ZcChat is an AI desktop pet designed to emulate the experience of Galgame characters, offering long-term memory, expressive character art, voice interaction, and computer control capabilities. It targets users seeking an interactive and visually engaging virtual companion.
How It Works
ZcChat utilizes a Galgame-style approach with static character art (立绘) that changes expressions and poses, differing from Live2D animation to reduce production costs and allow for more distinct visual states. It integrates with LLM frameworks like Letta (formerly MemGPT) for long-term memory and personality development, and supports various TTS and ASR tools for realistic voice interaction.
Quick Start & Requirements
- Install: Download and install from the Release page. Avoid non-ASCII characters in installation paths.
- Prerequisites:
- LLM backend (Letta or OpenAI compatible API).
- Optional: VITS-based TTS (e.g., vits-simple-api), Whisper ASR (e.g., whisper-asr-webservice), or Baidu Speech Recognition.
- Setup: Requires downloading character assets and configuring LLM/voice backends.

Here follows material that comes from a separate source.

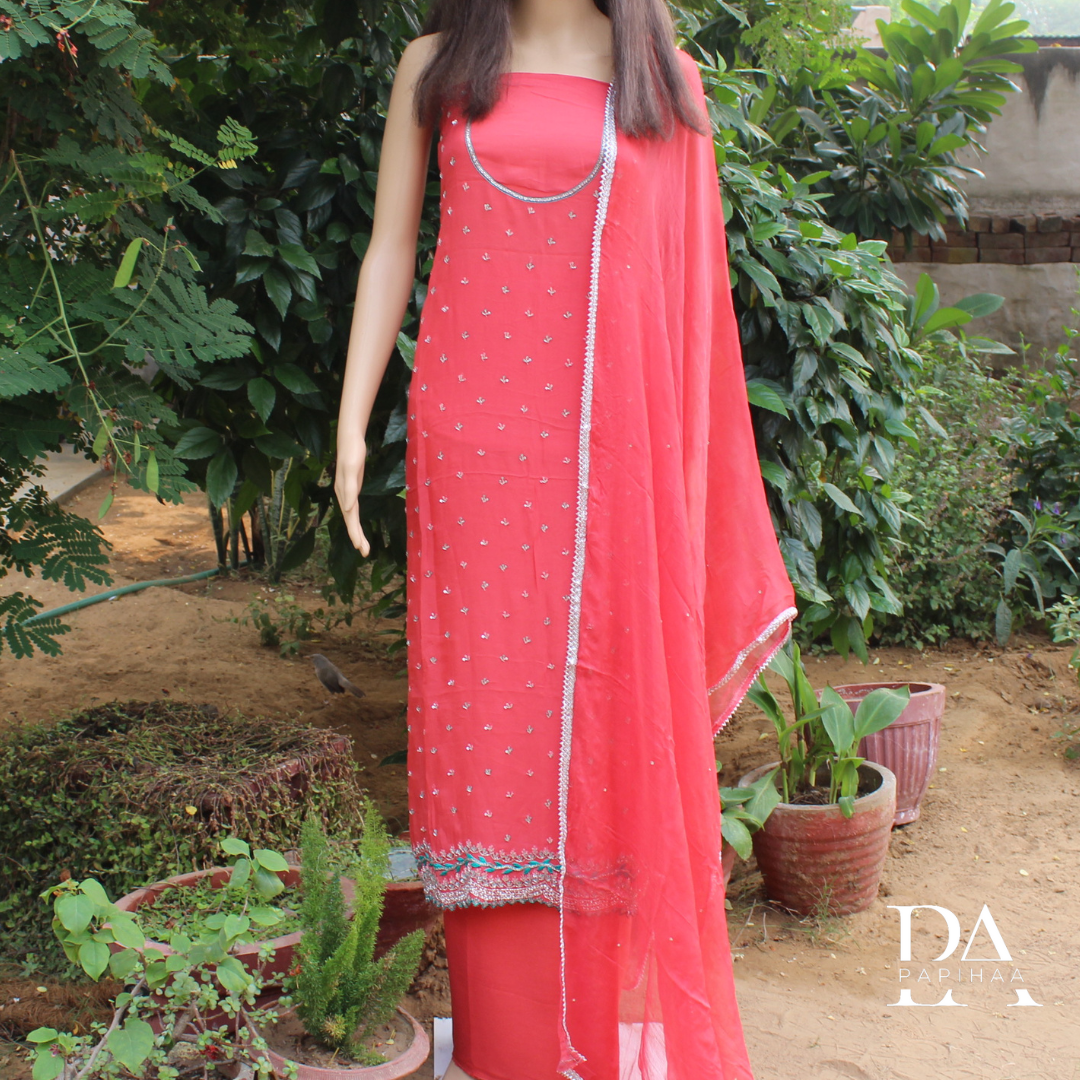 Dupatta: Pure Dupatta with stone work all over and lace work on the edges
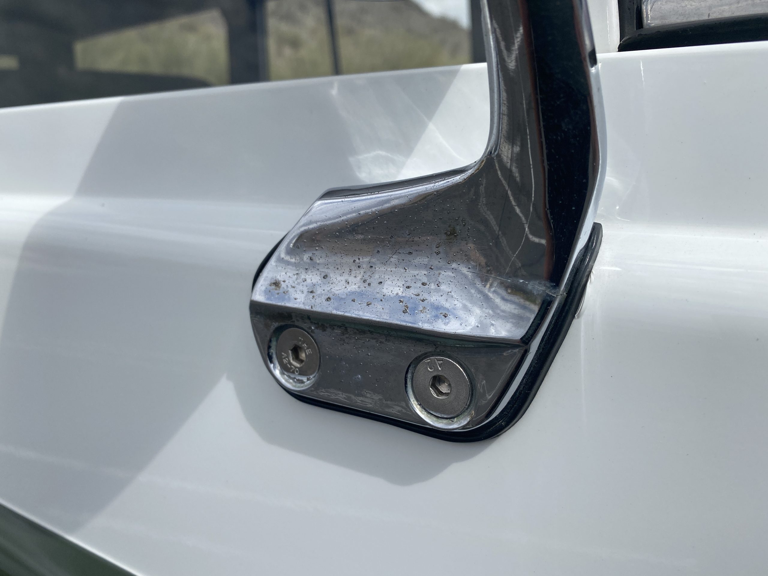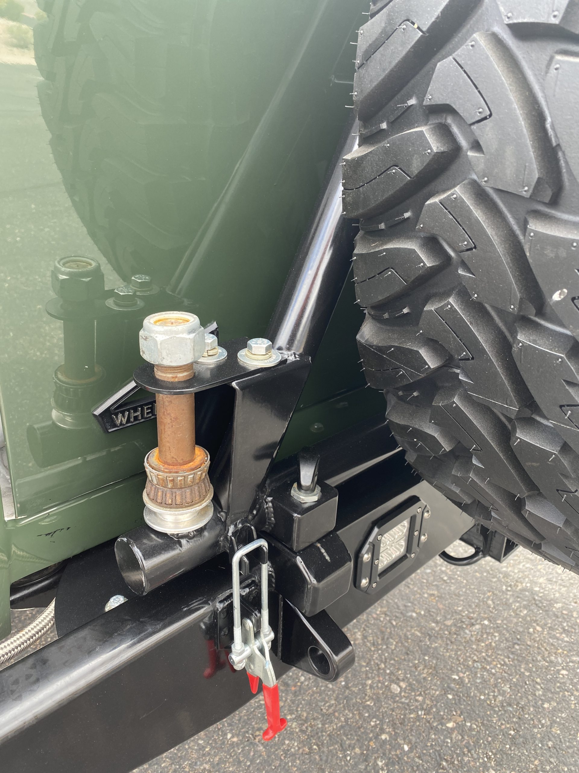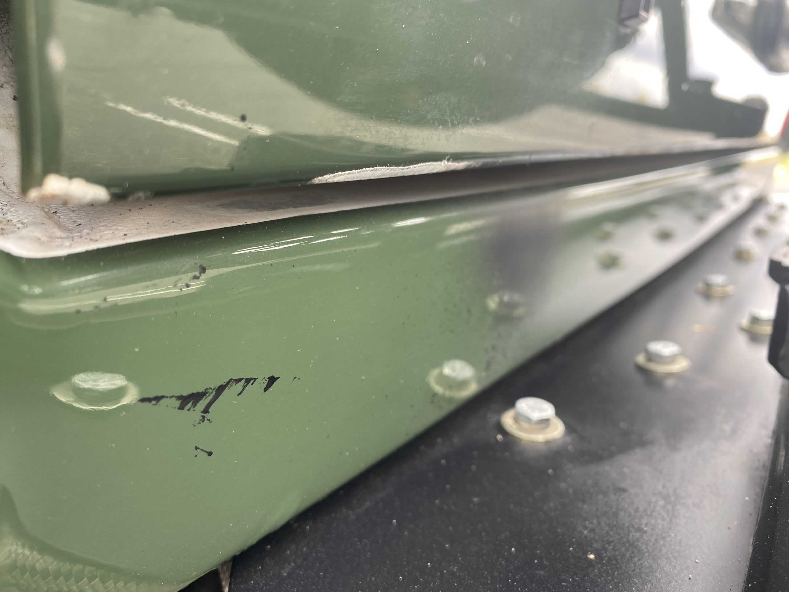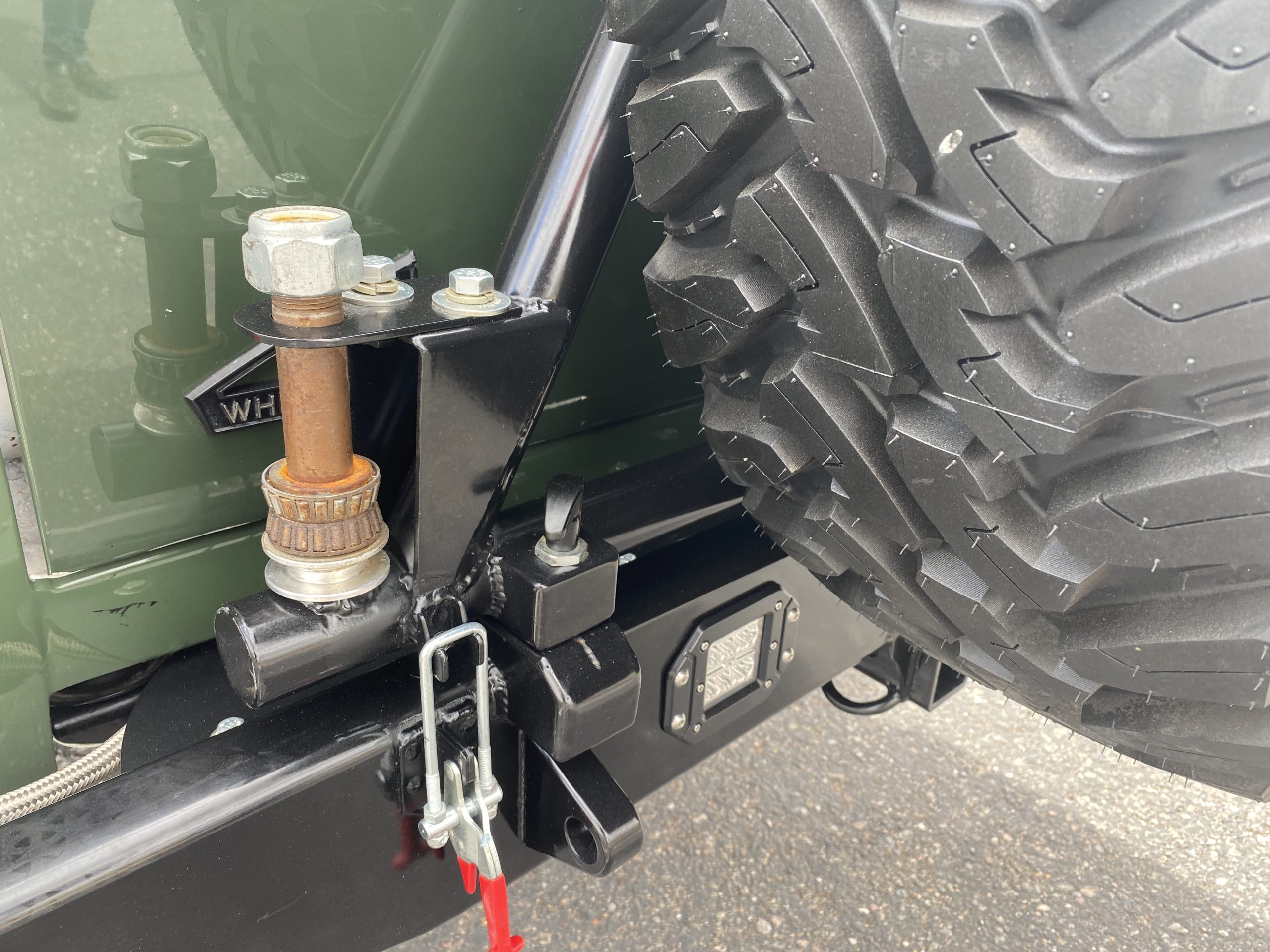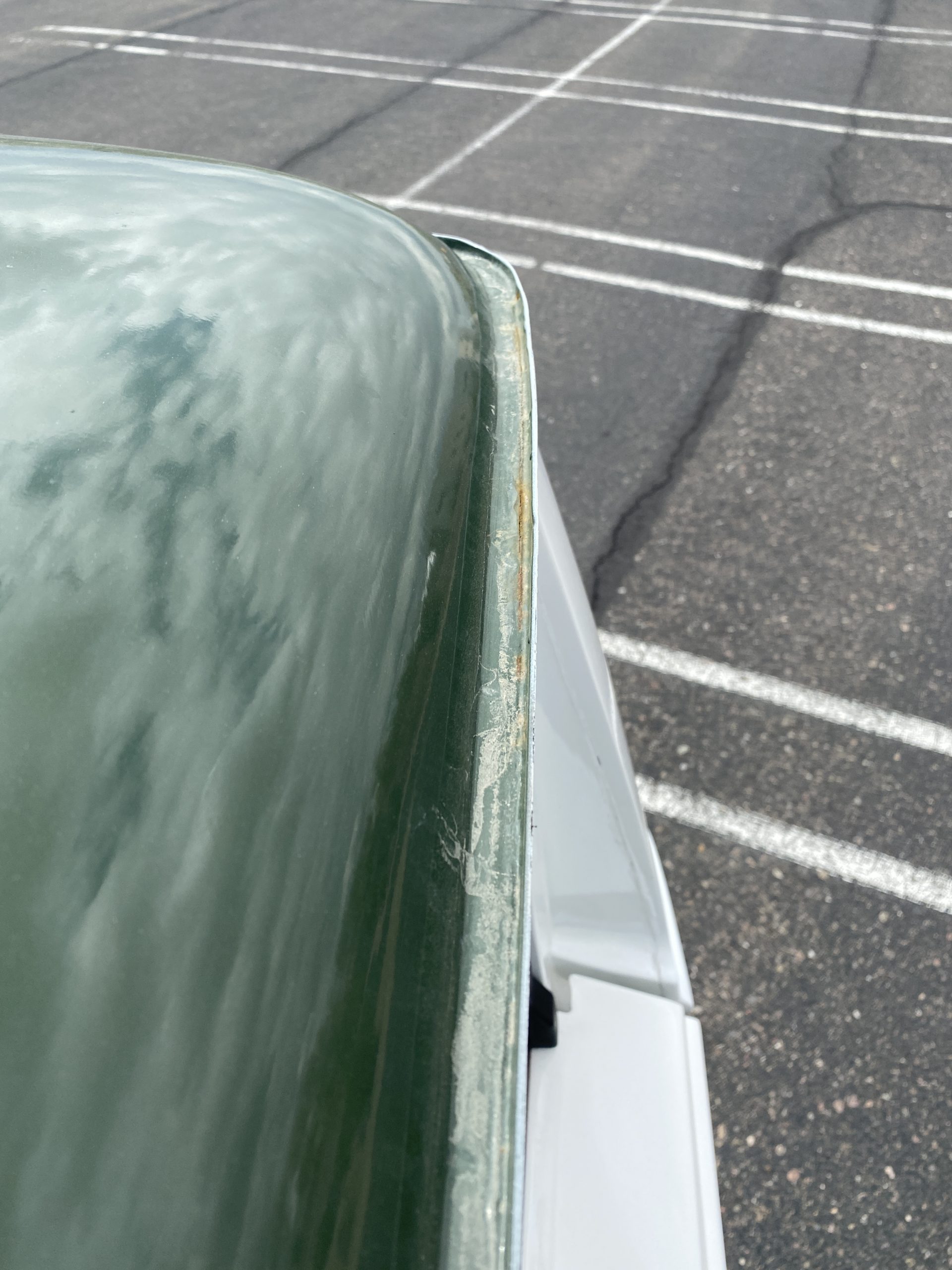 The custom two-tone white over dark green paint shows well and is in overall excellent condition. Even in direct sunlight, the car has tremendous depth, shine, and luster. While not free from blemishes, most would be hard pressed to find an issue on initial inspection. The brightwork on this FJ is largely original and in good condition with some minor scratches and some very minor pitting, most notably on the door handles. The custom ARB front bumper with integrated WARN Zeon 10 winch looks right at home on this Toyota and many will notice the three LED light bars seated on the bumper, which pair well with the aftermarket black LED headlamps and black painted grille. Adding to the overall dark theme of the accessories are 35″ Toyo Open Country M/T tires wrapped around flat-black 17″ Method wheels with Aisin front lockers. Other exterior highlights include removable doors, custom rock sliders and a custom swing-out rear tire carrier.

- Links: Video Tutorial, Character Creation Docs, Letta Docs
Highlighted Details
- Employs Galgame-style character art for expressive animations and easier asset creation.
- Integrates Letta for advanced AI memory and personality management.
- Supports voice interaction with wake-word detection and interruption capabilities.
- Allows for computer control via LLM prompts.
Maintenance & Community
- Open-source project seeking contributions via Pull Requests and bug reports via Issues.
- Discussions forum available for sharing character templates.
- Related projects include LogChat (AI chat client) and vits-simple-api.
Licensing & Compatibility
- The project's primary license is not explicitly stated in the provided README text. Dependencies may have their own licenses.
Limitations & Caveats
- Voice wake-word and interruption functionality are sensitive to environmental noise and require careful configuration of audio energy thresholds.
- The project's code quality is noted by the maintainer as potentially difficult to navigate for new contributors.